4.2.1 Installing PartitionFinder

Installation instructions can be found at www.robertlanfear.com/partitionfinder/tutorial.

4.2.2 Running PartitionFinder

INPUT

*.phylip, tree file (output from Phyluce)
*.charsets, character set file (output from Phyluce)

Using the charsets file, create a configuration (.cfg) file with information about the matrix, using the following command to make this file.

#bash
#designate the input file. Change if needed

input_file="mafft-nexus-trimmed-raxml.charsets" 
#designate the output file.
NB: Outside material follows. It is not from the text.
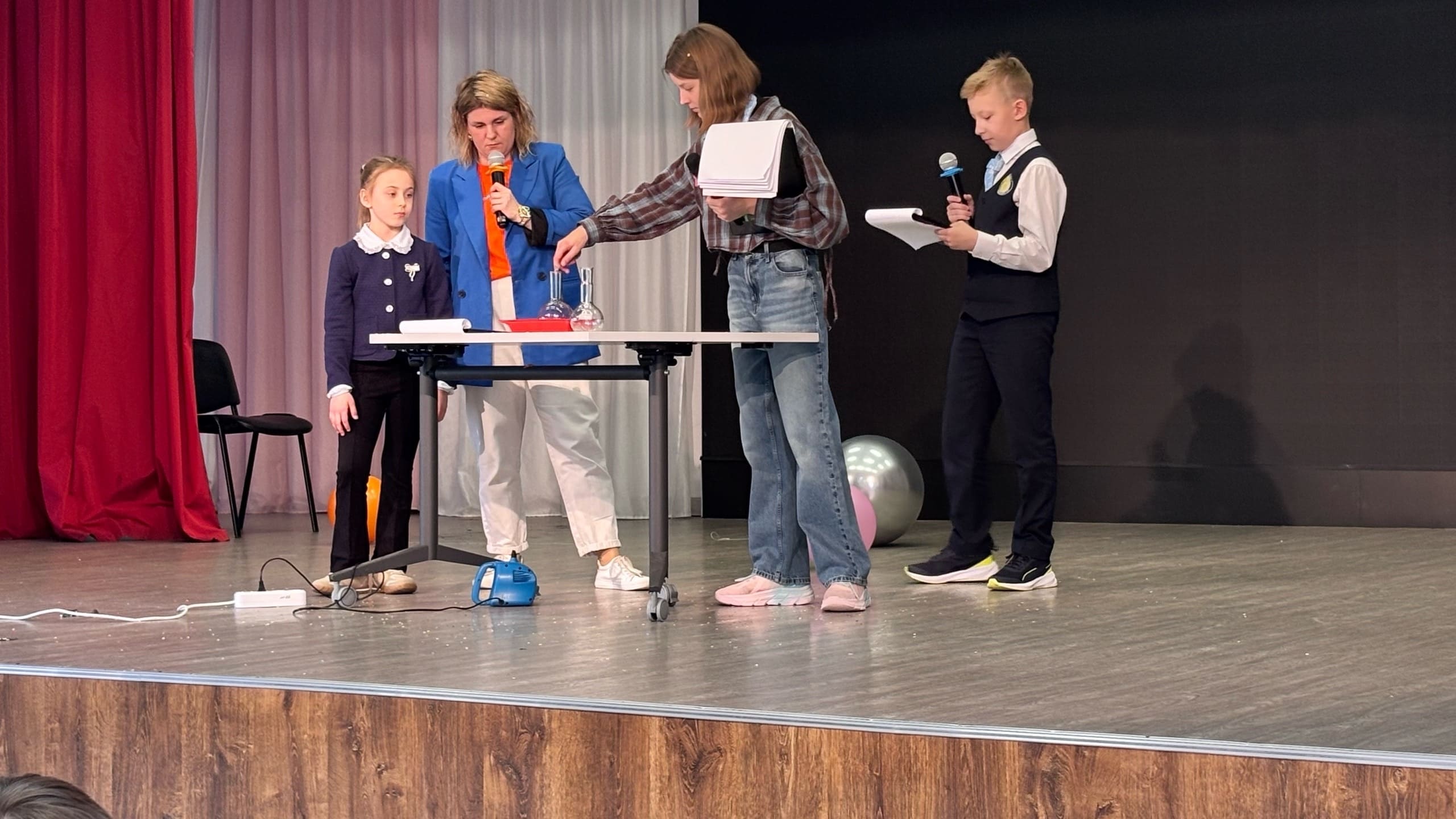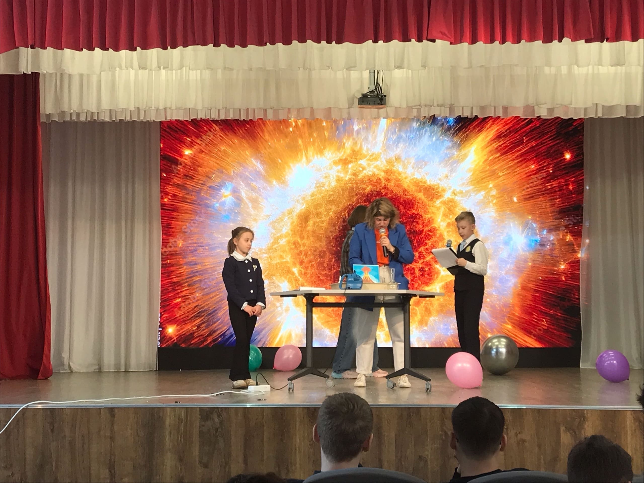 Ведущие, педагоги и ученики гимназии, устроили для гостей настоящий праздник науки: все вместе не только вспомнили о ключевых достижениях проекта «Школа Росатома», но и стали зрителями захватывающих опытов. Ярким моментом шоу стала наглядная демонстрация физических и химических явлений: от зрелищной модели «Большого взрыва» и извержения «вулкана» до эффектных экспериментов с огнем и наглядной иллюстрации закона Бернулли.

Change if needed

output_file="partition_finder.cfg" 

# Start by writing the static part of the output
echo "alignment = mafft-nexus-trimmed-raxml.phylip;" > "$output_file" #Change the alignment name if needed
echo "branchlengths = linked;" >> "$output_file"
echo "models = all;" >> "$output_file"
echo "model_selection = AICc;" >> "$output_file"
echo "[data_blocks]" >> "$output_file"

# Process the input file to extract and format the charset lines
awk '/^charset/ {
    split($2, a, "=");
    gsub(/charset |\.nexus|'\''/, "", $2);  # Remove charset, .nexus, and single quotes
    print $2 " = " $4;
}' "$input_file" >> "$output_file"

# Add the [schemes] section to the output
echo "[schemes]" >> "$output_file"
echo "search = rcluster;" >> "$output_file"

Using the newly made .cfg file, run the following code:

#bash
/PATH/TO/PartitionFinder.py /PATH/TO/partition_finder.cfg --raxml --rcluster-max 100 --no-ml-tree

OUTPUT

log.txt, log file
analysis/best_scheme.txt, file listing loci along with their corresponding best model.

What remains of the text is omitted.